My nephew Noah has a new film out called While We’re Young. It appears to be a story about two documentary filmmakers who become friends and help each other, but what it really turns out to be is a meditation on art and success and what will one do to achieve success.

We Baumbachs come from a family of artists who struggle with what it means to be a pure artist and what is selling out. I managed to avoid this when, in my early 20s, I decided to peruse photography — so I went into commercial photography. There was no need for art, only success.

However, I soon lost the love of taking photographs and went on to other things. When I got back into photography some 20+ years later I decided to avoid the art/success conundrum in another way. I didn’t leave my job as a computer programmer and continued to make my living that way.

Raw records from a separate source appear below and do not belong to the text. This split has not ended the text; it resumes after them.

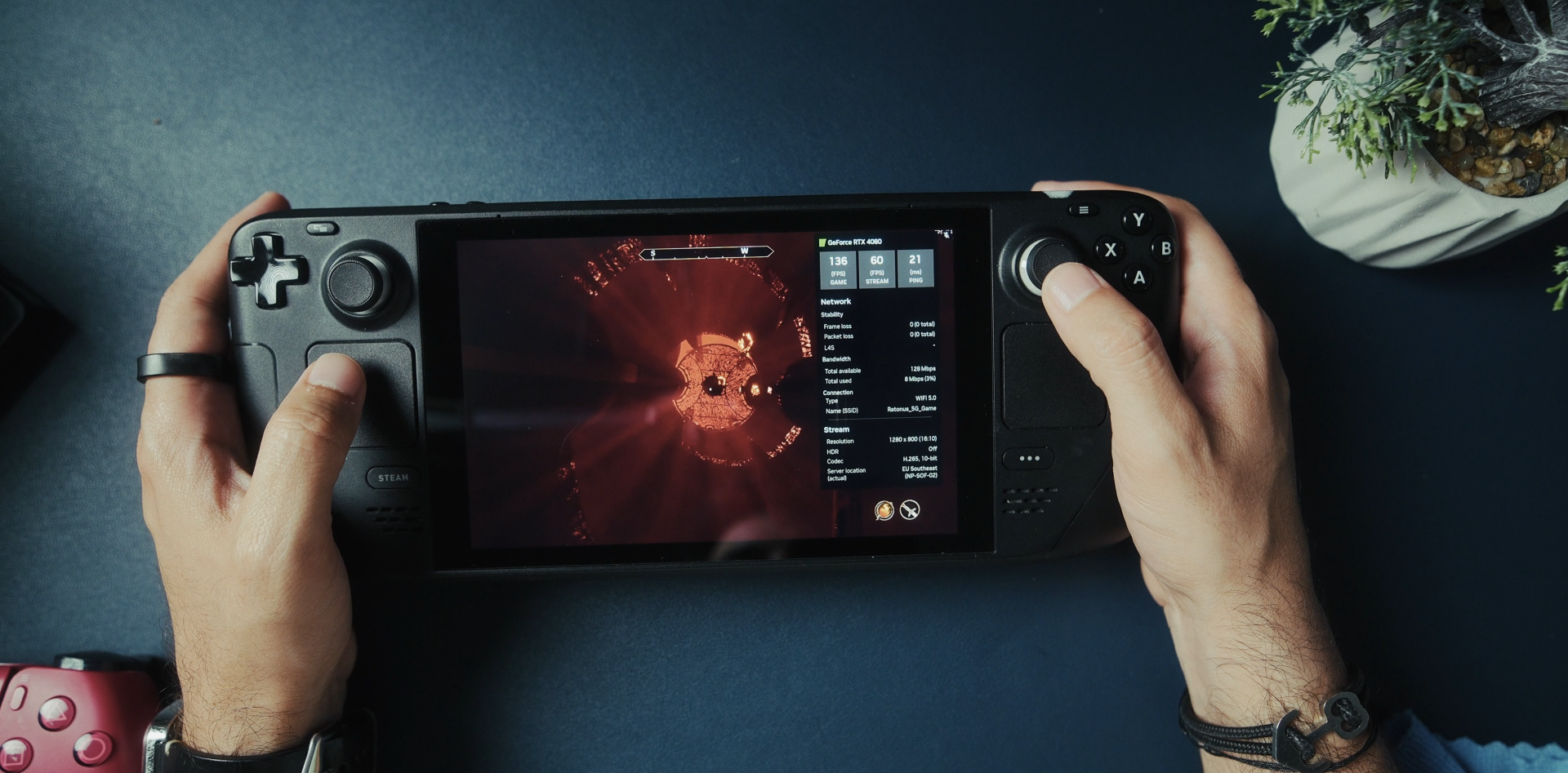 Până acum foloseam Steam Deck în principal pentru a juca jocuri indie și mai simple, însă de când testez GeForce NOW îmi dau seama că ar putea fi folosit și ca o extindere a PC-ului de acasă care este dotat cu RTX 5080. Cu PC-ul pornit și în fața monitorului 4K OLED e metoda mea preferată de gaming, dar în ultimii ani, mai ales de când am devenit părinte, am din ce în ce mai puțin timp pentru sesiuni neîntrerupte de gaming. Așa că Steam Deck-ul prin cloud gaming mi-a permis să mă joc în reprize scurte jocuri pe care le-aș fi jucat doar pe desktop PC-ul.
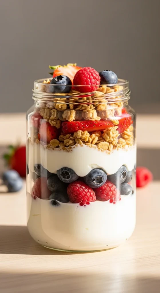 Yogurt parfaits show up in most top snack lists for a reason. They are high in protein, do not cook, and take under 5 minutes. Greek yogurt is especially popular because it can give 7 grams or more protein per serving.
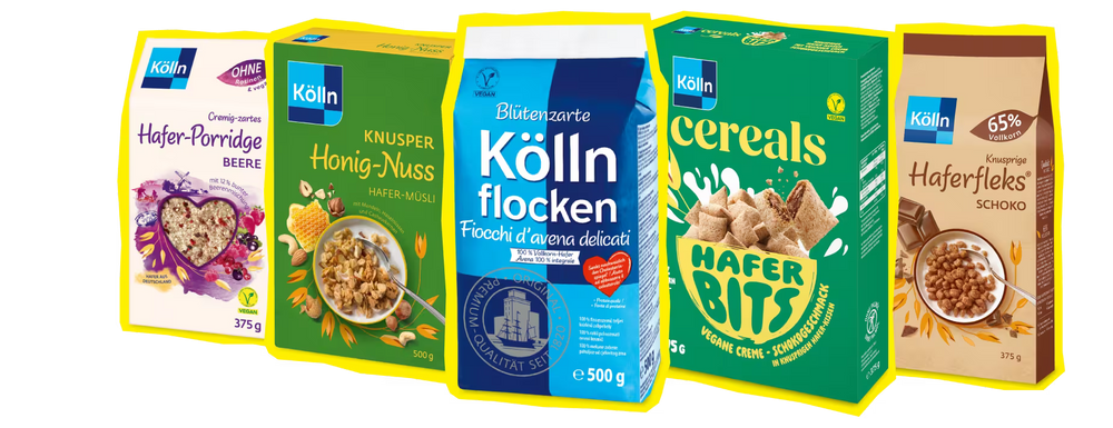 Besonders große Haferkerne werden direkt zu Echte Kölln Kernige (kernige Struktur = Großblattflocken) flockiert. Etwas kleinere Haferkerne werden zu Grütze geschnitten und ergeben Blütenzarte Köllnflocken (zarte Struktur = Kleinblattflocken). Gemahlene Haferkerne (Hafervollkornmehl) werden zu leicht löslichen Kölln Instant Haferflocken und Kölln Schmelzflocken® verarbeitet.
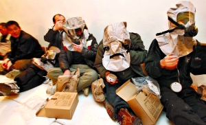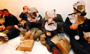 12月20日,居民们在延坪岛防空洞内戴上防毒面具。韩军方官员称,韩国军队在延坪岛的实弹射击训练从当地时间14时30分开始,于16时04分结束。为了防范朝鲜回击,韩国陆、海、空军的战斗力量目前仍保持戒备状态。新华社发
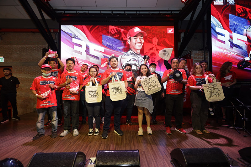 แบบติดขอบสนามโมโตจีพี ไทยแลนด์กรังด์ปรีซ์ รถจักรยานยนต์ฮอนด้า จัดแคมเปญ “#เชียร์ให้ก้อง เชียร์ไทยให้เป็นหนึ่ง” ชวนแฟนมอเตอร์สปอร์ตทั่วประเทศร่วมส่งแรงใจเชียร์ “ก้อง” สมเกียรติ จันทรา นักบิดไทยให้ดังกระหึ่มไปทั่วโลก ลุ้นรางวัลใหญ่ ตั๋วเข้าชมโมโตจีพีที่บุรีรัมย์ 2 ที่นั่ง พร้อมที่พักถึง 20 รางวัล และคอลเลคชัน #SC35 Special Edition อีก 200 รางวัล รวมทั้งสิ้น 220 รางวัล
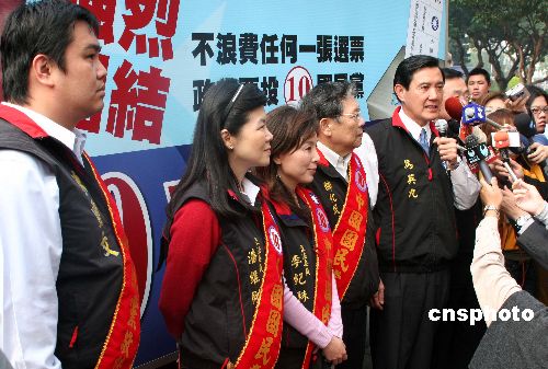 图为国民党二00八“大选”参选人马英九到“中正运动广场”为行将出发的该党台北市党部宣传车队加油打气。
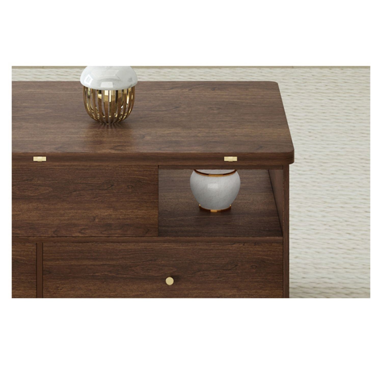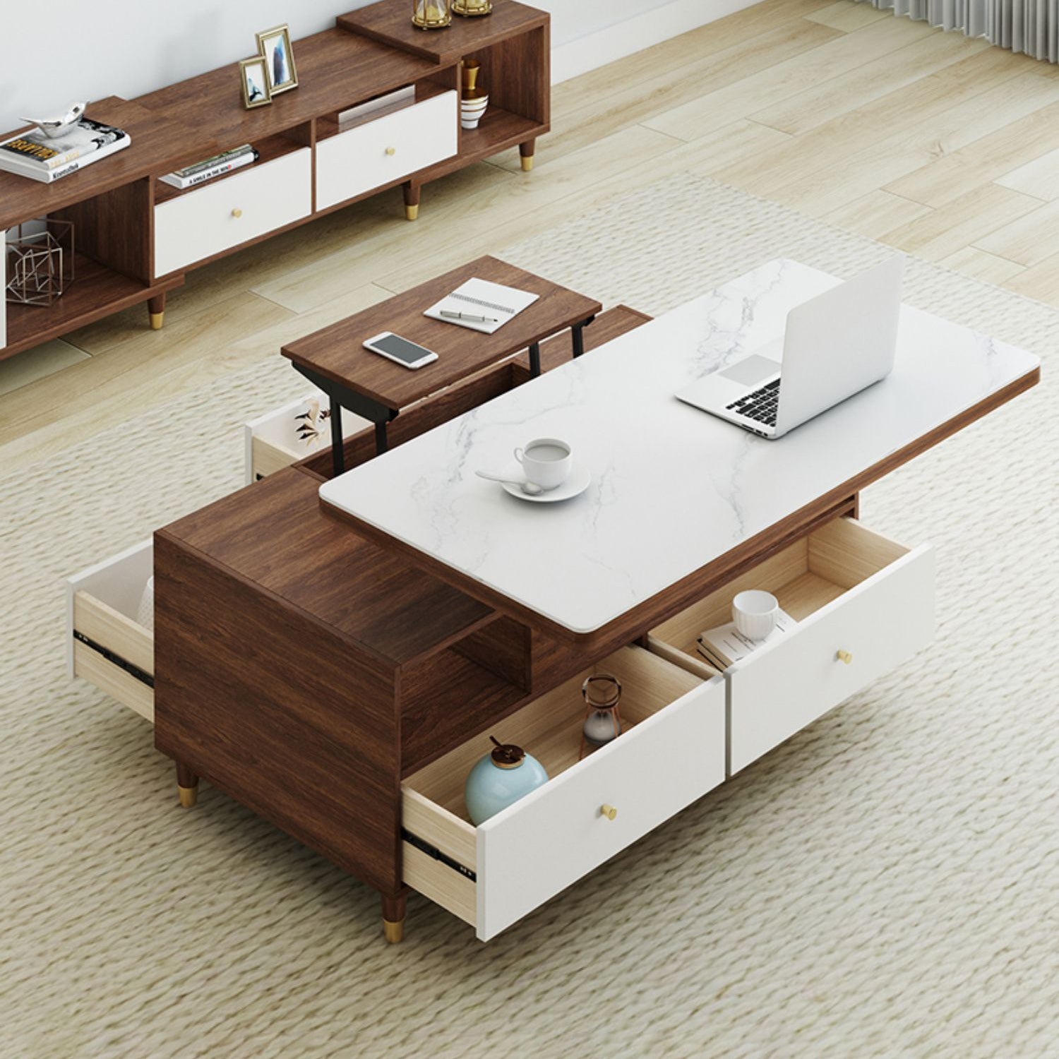 Elegant Solid Wood Tea Table with Ceramic Top - Brown, White & Black hx-1569
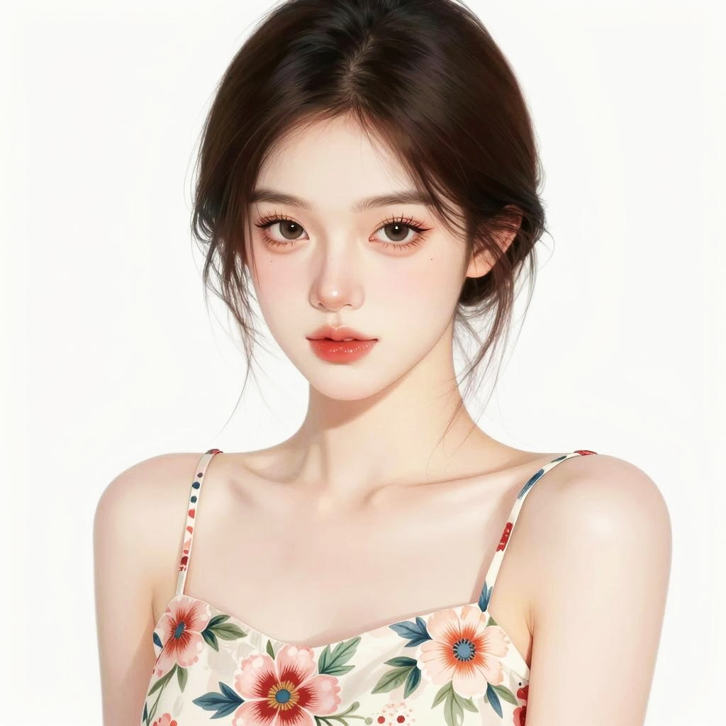 A beautifully detailed digital portrait of a young woman with delicate features and a soft expression, wearing a floral patterned dress. The image showcases a realistic yet slightly stylized art style, emphasizing smooth skin tones, large expressive eyes, and subtle makeup. This Gen Z-inspired artwork captures a fresh and modern aesthetic with a clean white background.
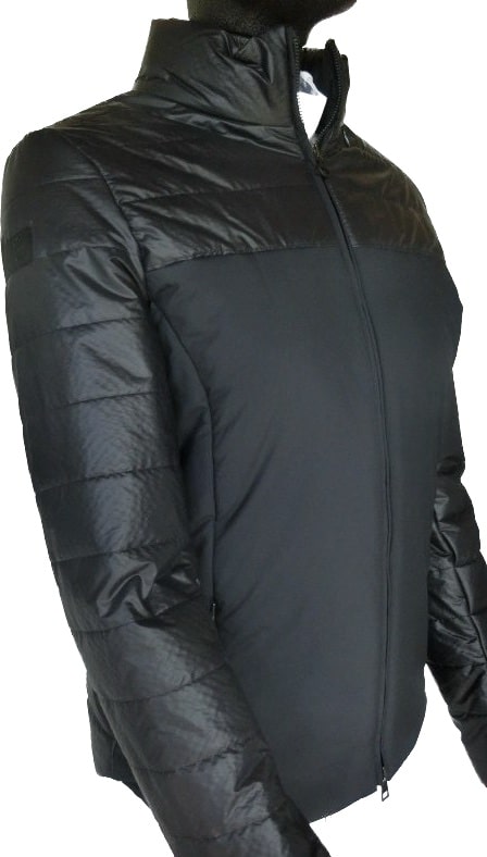 На теплій підкладці, з двома кишенями на блискавці та однією внутрішньою кишенею. Капюшон на блискавці, вбудований у комір.

Being on the outside looking in, so to speak, I see a lot of compromises that surprise and disappoint me, mostly by photographers who are well known doing me-too shots. I suppose this is what we have to do to make a living.

I would love to show only what I think is my best work on my web site. The site would probably be a lot slimmer. The problem is that a lot of what I sell isn’t what I consider my best work. Some of it is mediocre shots of well known places that I believe is done better by others, but they sell. The other problem is that I’ll be the first to agree with the contention that artists are the worst judge of their own work. So, as much as I don’t like it, my web site currently stays as it is.

One thing I did take away from Noah’s movie is that it’s one thing to be a pure artist, but being an introvert does not contribute to getting one’s work to be seen. In that respect, I’ll try to express myself with words more and more publicly.

So, hopefully, this mostly dormant blog will become more active again.

~ by danbaumbach on April 18, 2015.

One Response to “Art and Success”

  1. I fault no-one who sorts out the difficult business of photography by selling prints of popular locales. More power to them. What I detest, however, is the use of already-seen images to claim professionalism. It’s the biggest lie of all – the one we tell ourselves. Images of already-seen places captured beneath rosy sunsets are not enough to make one accomplished or “professional”, and those who perpetrate this myth do a disservice to others still finding their way to authentic image-making. I wrote about this on my site, in a post called The Wilderness Within. In any case, I appreciate your honesty here, and the images, even if they’re not you’re big sellers.